▸ **Description of the task**
Output must consist only of the lines of the material below from the one with "제1호의부표3 주식등보유명세서(2002.1.28. 개정)" through the one with "over fall leaves", each reproduced exactly; no pictures belong in it.

▸ **Data section**
=-=-=-=-=

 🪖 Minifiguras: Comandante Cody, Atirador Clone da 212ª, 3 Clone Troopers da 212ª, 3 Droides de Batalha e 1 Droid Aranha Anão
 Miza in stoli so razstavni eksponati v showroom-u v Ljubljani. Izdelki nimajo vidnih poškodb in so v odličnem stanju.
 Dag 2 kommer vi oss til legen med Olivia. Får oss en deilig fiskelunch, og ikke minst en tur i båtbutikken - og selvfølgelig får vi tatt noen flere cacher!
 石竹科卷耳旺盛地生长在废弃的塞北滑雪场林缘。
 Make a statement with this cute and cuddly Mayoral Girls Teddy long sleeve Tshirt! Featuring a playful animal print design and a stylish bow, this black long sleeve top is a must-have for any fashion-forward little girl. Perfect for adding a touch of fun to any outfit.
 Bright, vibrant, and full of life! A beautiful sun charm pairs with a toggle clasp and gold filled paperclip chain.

=-=-=-=-=

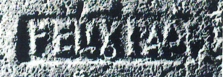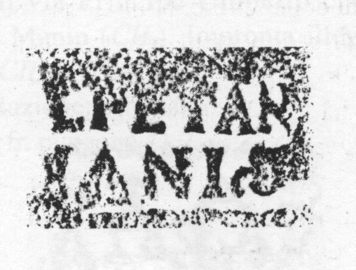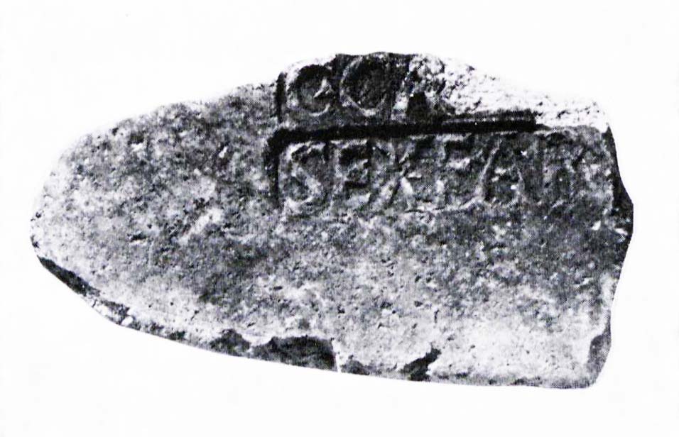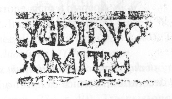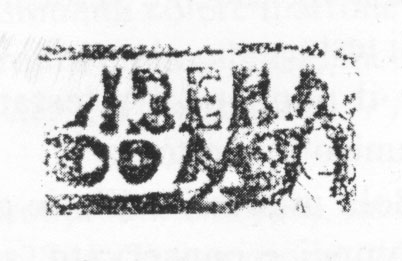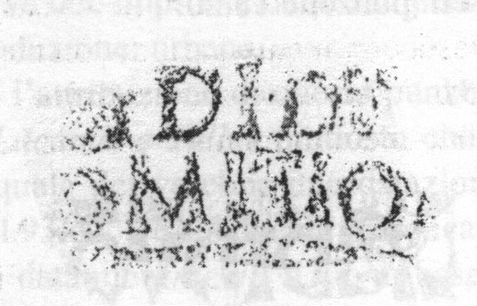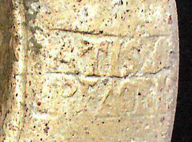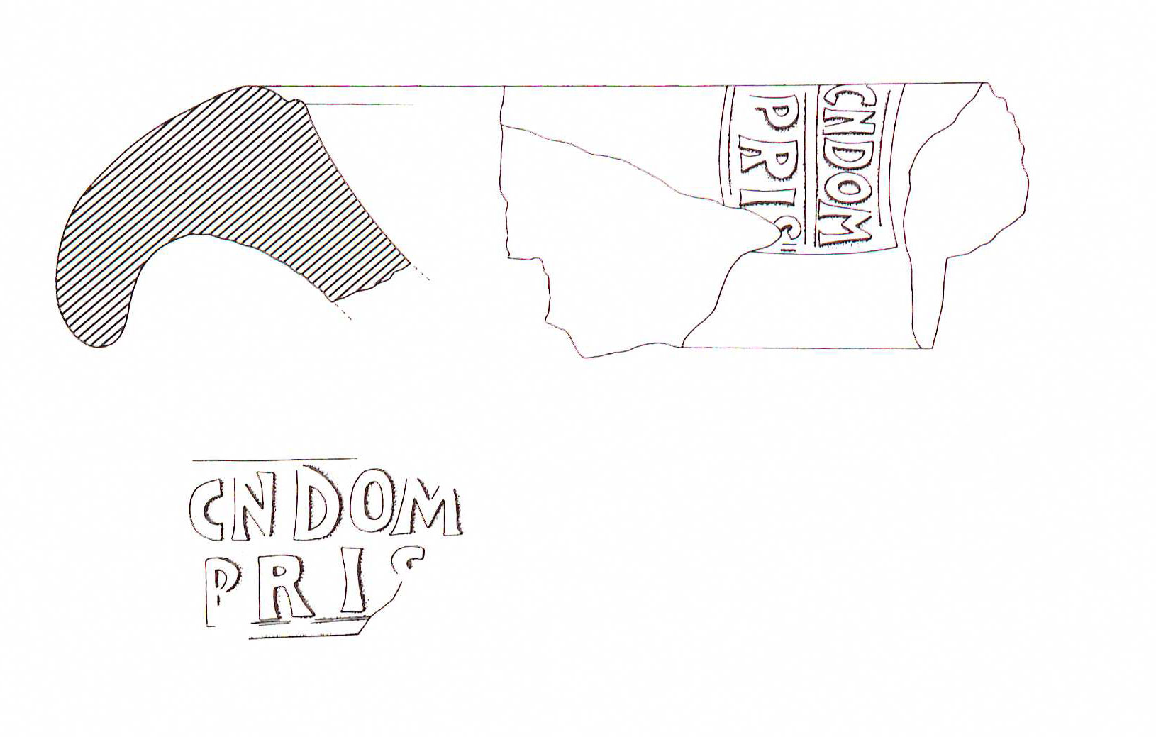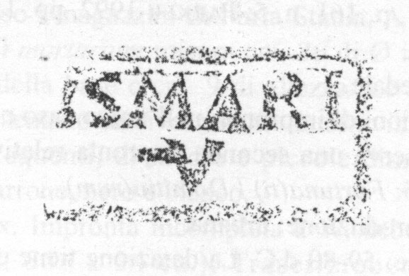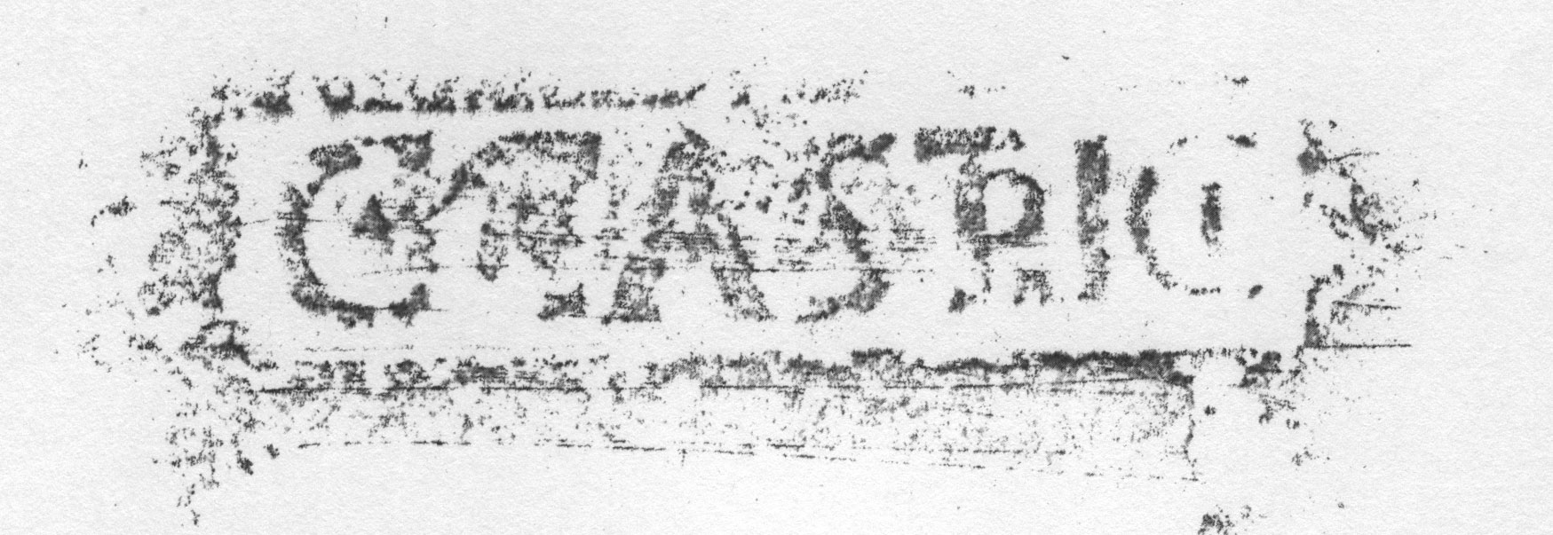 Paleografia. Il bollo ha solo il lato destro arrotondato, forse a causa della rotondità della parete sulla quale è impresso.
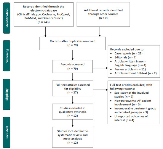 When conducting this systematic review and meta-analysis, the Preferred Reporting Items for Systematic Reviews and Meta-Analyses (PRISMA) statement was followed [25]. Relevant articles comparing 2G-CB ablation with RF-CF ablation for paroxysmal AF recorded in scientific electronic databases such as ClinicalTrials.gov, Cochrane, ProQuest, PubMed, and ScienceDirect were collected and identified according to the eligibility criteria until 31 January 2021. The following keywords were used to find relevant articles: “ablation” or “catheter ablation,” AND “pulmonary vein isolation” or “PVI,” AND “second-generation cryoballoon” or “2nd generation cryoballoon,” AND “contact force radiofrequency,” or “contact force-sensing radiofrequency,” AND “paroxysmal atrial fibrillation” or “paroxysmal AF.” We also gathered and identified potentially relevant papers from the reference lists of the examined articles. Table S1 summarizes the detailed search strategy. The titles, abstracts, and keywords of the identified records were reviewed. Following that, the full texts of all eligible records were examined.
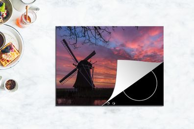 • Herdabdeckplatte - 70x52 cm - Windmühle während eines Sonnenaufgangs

=-=-=-=-=

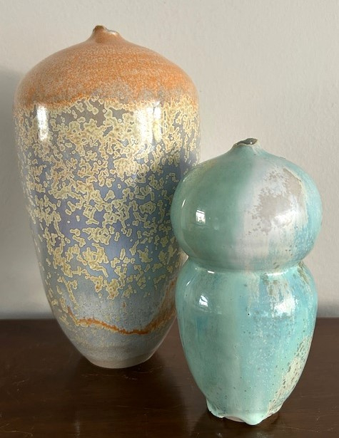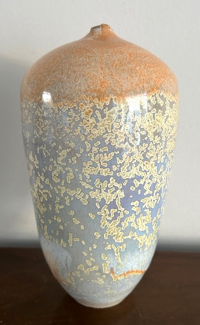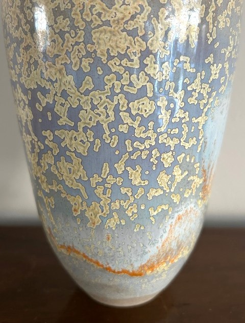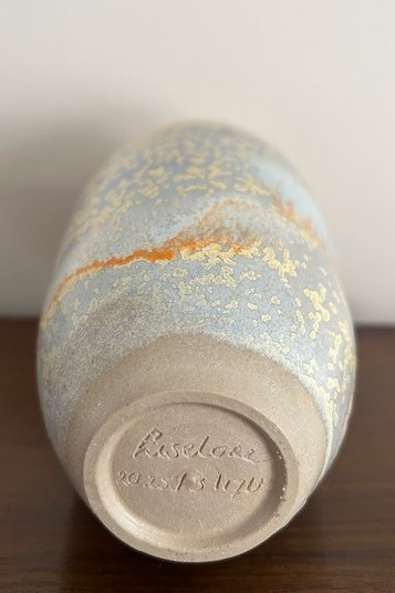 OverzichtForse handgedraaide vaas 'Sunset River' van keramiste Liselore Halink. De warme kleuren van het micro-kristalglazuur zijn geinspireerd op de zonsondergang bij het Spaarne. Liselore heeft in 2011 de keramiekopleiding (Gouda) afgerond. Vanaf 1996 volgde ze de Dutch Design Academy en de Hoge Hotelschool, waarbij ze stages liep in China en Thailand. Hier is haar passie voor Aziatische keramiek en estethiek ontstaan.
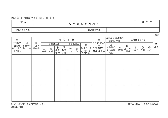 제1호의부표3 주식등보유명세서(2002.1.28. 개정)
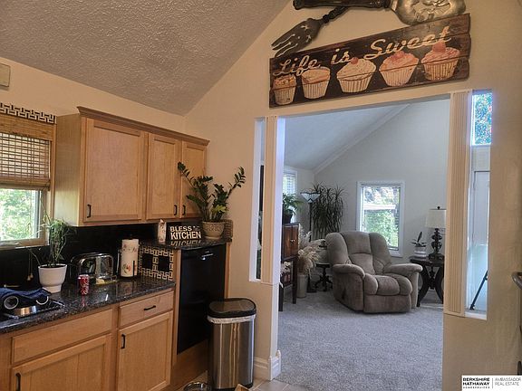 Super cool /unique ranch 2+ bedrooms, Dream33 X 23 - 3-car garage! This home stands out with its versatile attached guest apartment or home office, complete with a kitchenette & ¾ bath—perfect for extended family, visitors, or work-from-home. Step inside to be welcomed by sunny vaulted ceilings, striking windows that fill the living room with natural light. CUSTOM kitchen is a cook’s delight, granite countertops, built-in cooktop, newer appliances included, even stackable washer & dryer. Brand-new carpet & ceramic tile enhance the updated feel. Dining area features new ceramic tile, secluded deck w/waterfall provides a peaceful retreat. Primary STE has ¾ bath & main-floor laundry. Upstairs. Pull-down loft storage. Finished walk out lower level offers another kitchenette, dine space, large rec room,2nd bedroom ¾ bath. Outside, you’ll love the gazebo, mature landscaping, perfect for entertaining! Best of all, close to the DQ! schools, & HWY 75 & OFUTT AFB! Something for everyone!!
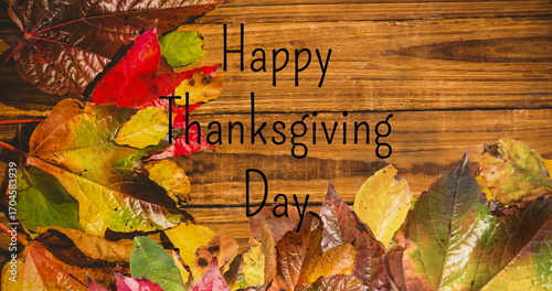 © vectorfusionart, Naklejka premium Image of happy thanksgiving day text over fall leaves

=-=-=-=-=

▸ **Result of this exercise**
 제1호의부표3 주식등보유명세서(2002.1.28. 개정)
 Super cool /unique ranch 2+ bedrooms, Dream33 X 23 - 3-car garage! This home stands out with its versatile attached guest apartment or home office, complete with a kitchenette & ¾ bath—perfect for extended family, visitors, or work-from-home. Step inside to be welcomed by sunny vaulted ceilings, striking windows that fill the living room with natural light. CUSTOM kitchen is a cook’s delight, granite countertops, built-in cooktop, newer appliances included, even stackable washer & dryer. Brand-new carpet & ceramic tile enhance the updated feel. Dining area features new ceramic tile, secluded deck w/waterfall provides a peaceful retreat. Primary STE has ¾ bath & main-floor laundry. Upstairs. Pull-down loft storage. Finished walk out lower level offers another kitchenette, dine space, large rec room,2nd bedroom ¾ bath. Outside, you’ll love the gazebo, mature landscaping, perfect for entertaining! Best of all, close to the DQ! schools, & HWY 75 & OFUTT AFB! Something for everyone!!
 © vectorfusionart, Naklejka premium Image of happy thanksgiving day text over fall leaves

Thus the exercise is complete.